POSIX原理主義集団「秘密結社シェルショッカー」は、これをもってTwitterにはびこる人間どもを洗脳し、世界征服を果たすのだ。ワッハッハ!

動かすのに必要なものその1(ホスト)

  • WebアクセスできるUNIXホスト(これがなくては話にならん)
  • 一部の符号化演算コマンドとして次のうちのどちらか
  • HTTPアクセスコマンドとして次のうちのどちらか

レンタルサーバーなら、大抵のところが要件を満たしているはずだ。

※なに、「それのどこがPOSIX原理主義なのか」だと?

HTTPアクセスコマンドのみならず、2014年にHeartbleedという**巨大なセキュリティーホールをもたらしたOpenSSLにまで手を出して、もはやそれのどこがPOSIX原理主義なのか、**と言いたいわけだなお前たちは。えぇい、黙れ黙れ!

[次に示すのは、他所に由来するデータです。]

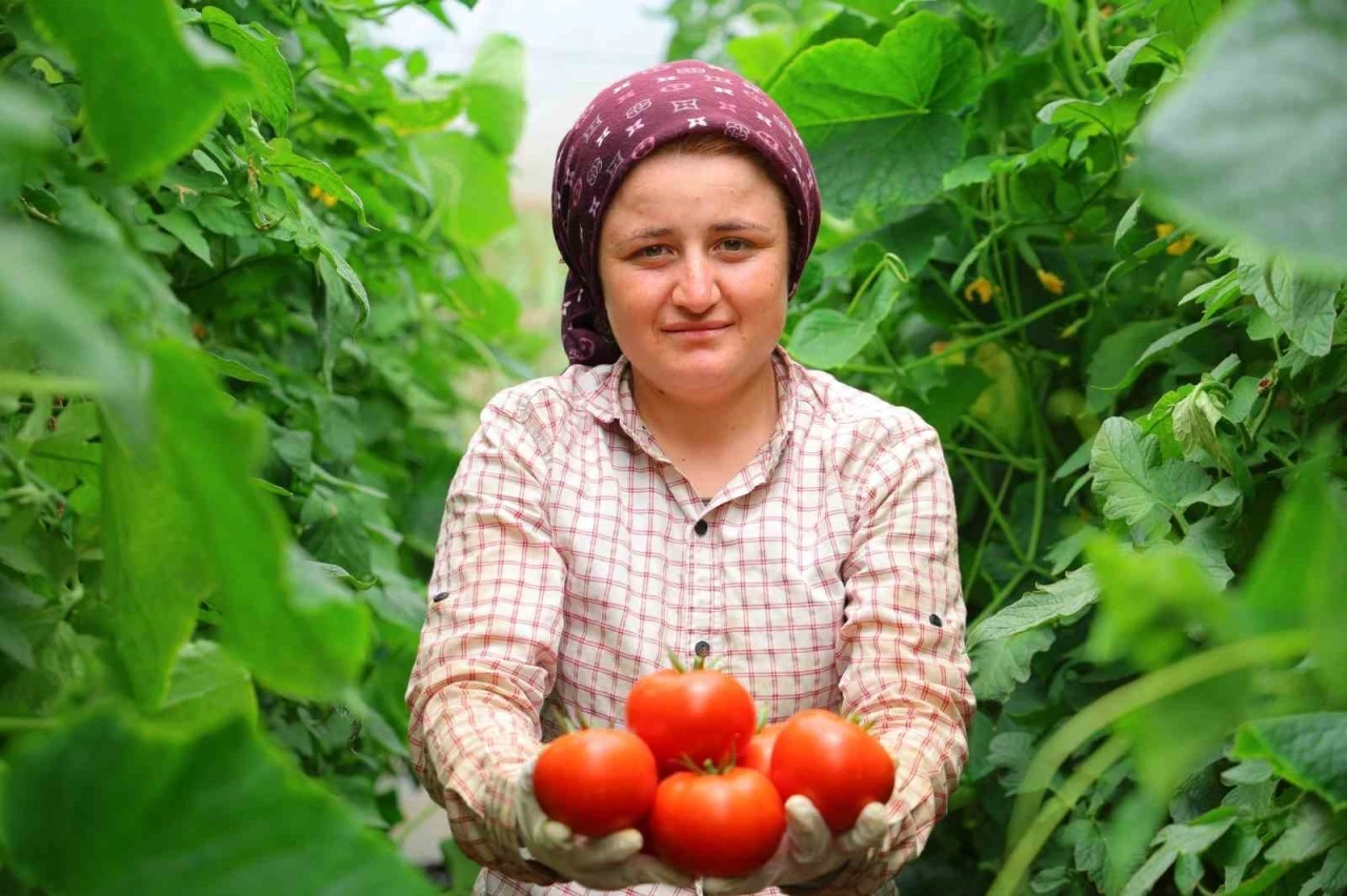 Kahramanmaraş’ta Kadıoğlu Çiftliği Mahallesi’nde dört mevsim örtü altında yerli domates üretimi yapılıyor.

確かにしょっちゅう脆弱性の見つかるソフトウェアに依存しているようではメンテナンス地獄から解放されず、POSIX原理主義の素晴らしさは発揮できん。だが、cURLコマンドやsendmailコマンドに手を出す時に言ったはずだ。

「同等の機能を備えた代替品がすぐに見つかる」、「すぐに乗り換えられる」という状態を担保すべく、利用するにしても基本的な部分だけにとどめるのだ。

と。幸いにしてOpenSSLは、Heartbleed事件の反省から、LibreSSLという同等機能の別実装が登場し、しかも"openssl"という名前まで一緒のコマンドまで用意されているのだ。つまり、片方の実装に何か問題が起こったらもう片方の実装に簡単に乗り換えられることを担保しておる。

それにだ!今回の侵略で利用するTwitter API 1.1やOAuth1.0aがそもそも10年、20年の長きに渡って使えるとも思えん。 だから、Twitterに関してはこれくらいの担保があれば十分なのだよ!

動かすのに必要なものその2(Twitterアカウント)

さてホストの用意の次は、アカウント登録だ。Twitterに投稿もするのだからTwitterアカウントが必要なのは言うまでも無かろう。持っていないのならユーザー登録をするのだ。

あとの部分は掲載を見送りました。